As Jeremy Clarkson likes to remind us at this time of year, getting poor results at GCSEs and A-levels doesn’t necessarily land you on the scrap heap.

After all, some of the UK’s leading businessmen and women either failed their exams, like Clarkson (one C and two E’s), or couldn’t bear to waste another nanosecond at school.

Virgin’s Sir Richard Branson is perhaps the best-known entrepreneur who escaped the classroom as soon as he could.

Nearly a third of the 2,000 young school leavers interviewed regret their career choices. Two-thirds said they are not doing what they dreamed of while studying.

As did mobile phone magnate John Caudwell, Dragon Den’s Deborah Meaden and X-Factor’s Simon Cowell. If you’re looking for truly ambitious leaders who shunned higher education, think Walt Disney and Steve Jobs.

However, these are exceptions, as are those who know exactly what they hope to achieve in life.

Most young people don’t know this. Career guidance in Britain is notoriously hopeless and in many schools it is almost non-existent.

I will never forget the look of pride on the face of a young apprentice I met at the Bentley factory in Crewe.

He had left school at 15 to work in a garage because he liked tinkering with cars but hated it. By chance, he got an internship at Bentley.

When we met, he was one of Bentley’s advanced apprentices and studying engineering part-time at university.

And, as he himself said, he was debt-free. He was also one of Bentley’s “ambassadors,” visiting schools to tell students what they were missing. A genius.

Why aren’t more companies running programs like this? Most teachers don’t have much time and don’t know enough about apprenticeships or the job market (especially cutting-edge sectors like artificial intelligence) to advise their students.

A Saatchi & Saatchi study published to coincide with the exam results shows just how bleak the situation is.

Nearly a third of the 2,000 young people who finished school and were interviewed regretted the career choices they made. Two-thirds said they were not doing what they dreamed of while studying.

More worryingly, about half said school had not prepared them for their jobs and more than two-thirds said they did not have the right skills for what they were doing.

There was also a striking gap in satisfaction between public school students and their peers in private and specialized schools.

About half of public school students say they like what they do, but more than two-thirds of those who graduate from private schools (and 70 percent from specialized schools) say they are satisfied.

It’s not a surprising difference. Teachers at private schools are more likely to be engaged with students.

Parents tend to put their children in touch with contacts and potential employers.
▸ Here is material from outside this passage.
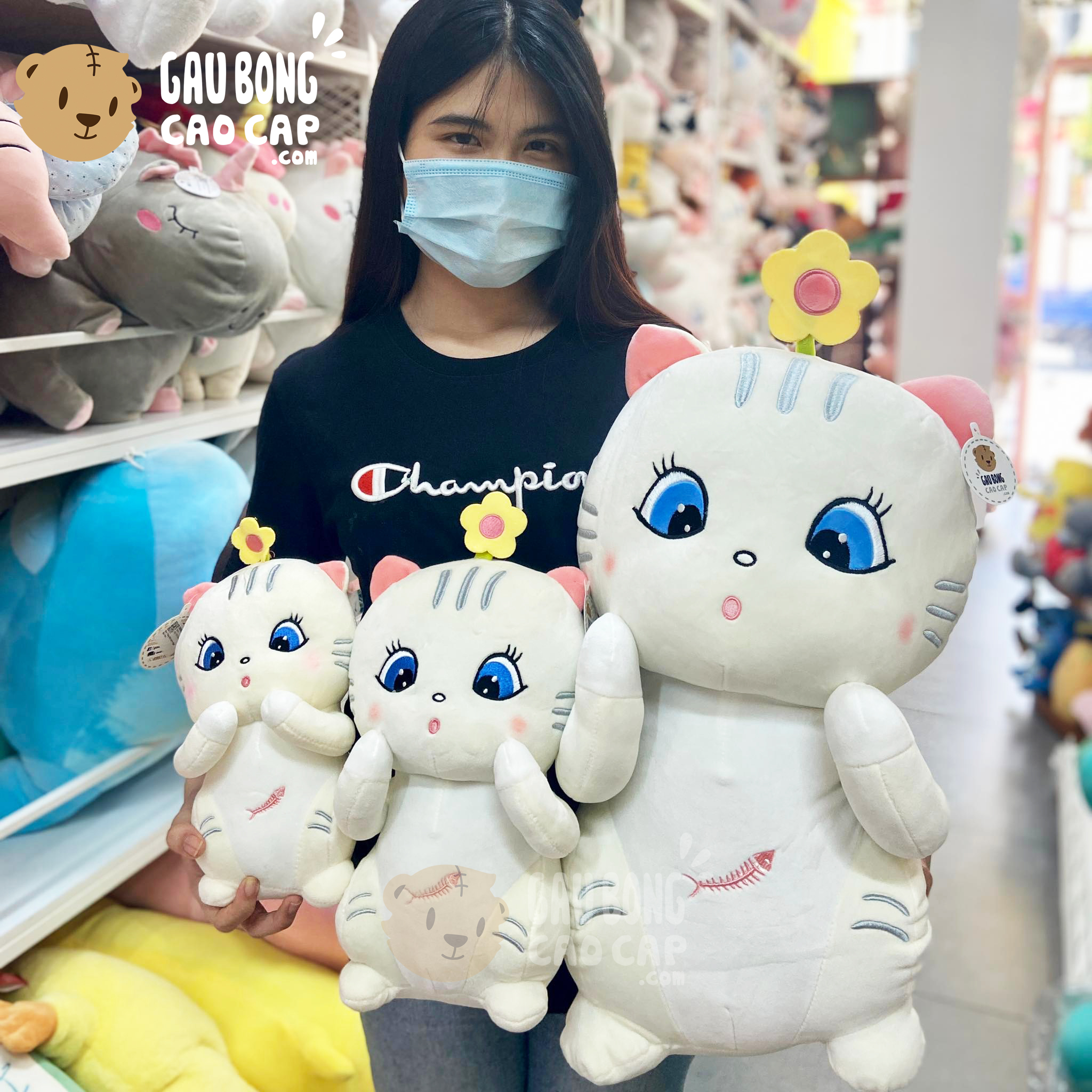Mèo Bông Trắng Mắt Xanh Ngồi Đội Hoa được thiết kế với 5 kích thước Gấu Bông lớn nhỏ khác nhau: 20cm, 30cm, 40cm, 50cm, 60cm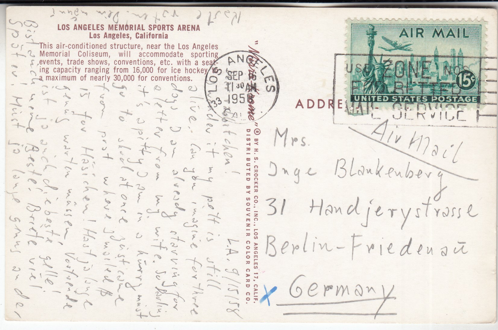 Los Angeles California USA old postcard Sports Arena Stadion 1958

Call it nepotism if you want, but, like it or not, we are tribal creatures.

Saatchi & Saatchi undertook the research out of fears that public schools are failing students and leaving them virtually in the dark about creative fields.
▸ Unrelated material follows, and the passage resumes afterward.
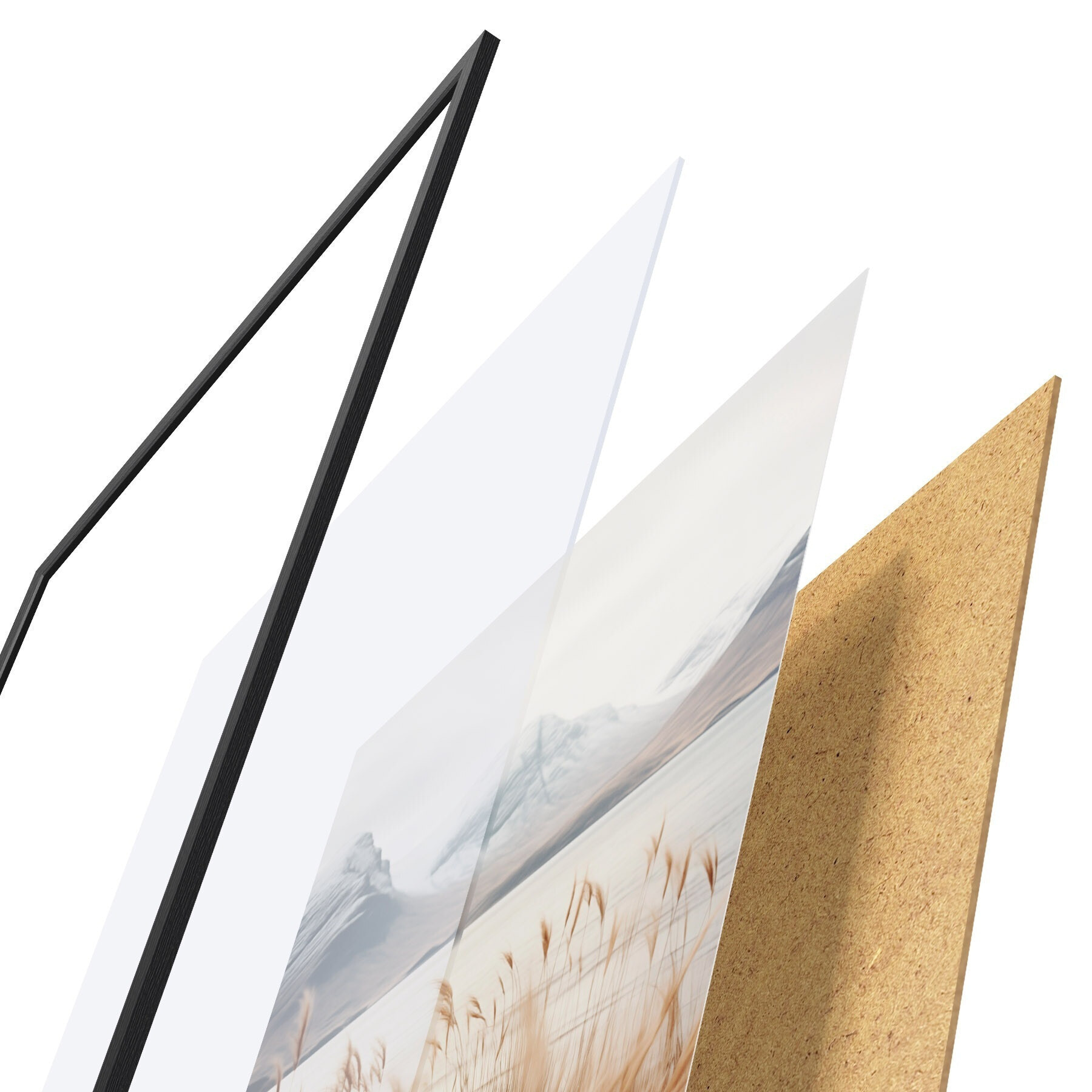 Plakat składa się z ramy, pleksi, wydrukowanego obrazu i podkładu z płyty wiórowej. Plakat można natychmiast zawiesić na ścianie dzięki uchwytom z tyłu.

Which is nonsense, as the creative industry is big business worth around £100bn a year and employing two million people.

Improving career advice should be a priority for the Labour Party: satisfied people tend to be happier and, in fact, healthier.
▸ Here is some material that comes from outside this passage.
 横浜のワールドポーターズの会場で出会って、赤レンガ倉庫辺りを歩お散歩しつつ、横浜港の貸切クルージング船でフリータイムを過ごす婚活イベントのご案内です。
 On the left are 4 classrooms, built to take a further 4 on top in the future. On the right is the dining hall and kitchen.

Instead of destroying private schools with its vindictive VAT hike, the government should find out how and why pupils in private and specialist schools are so much happier with their work and why their results are systematically better.

And it’s not just about money, as the extraordinary results at Michaela Free State School in Wembley, north-west London, have shown. God forbid other teachers should take advantage of their methods.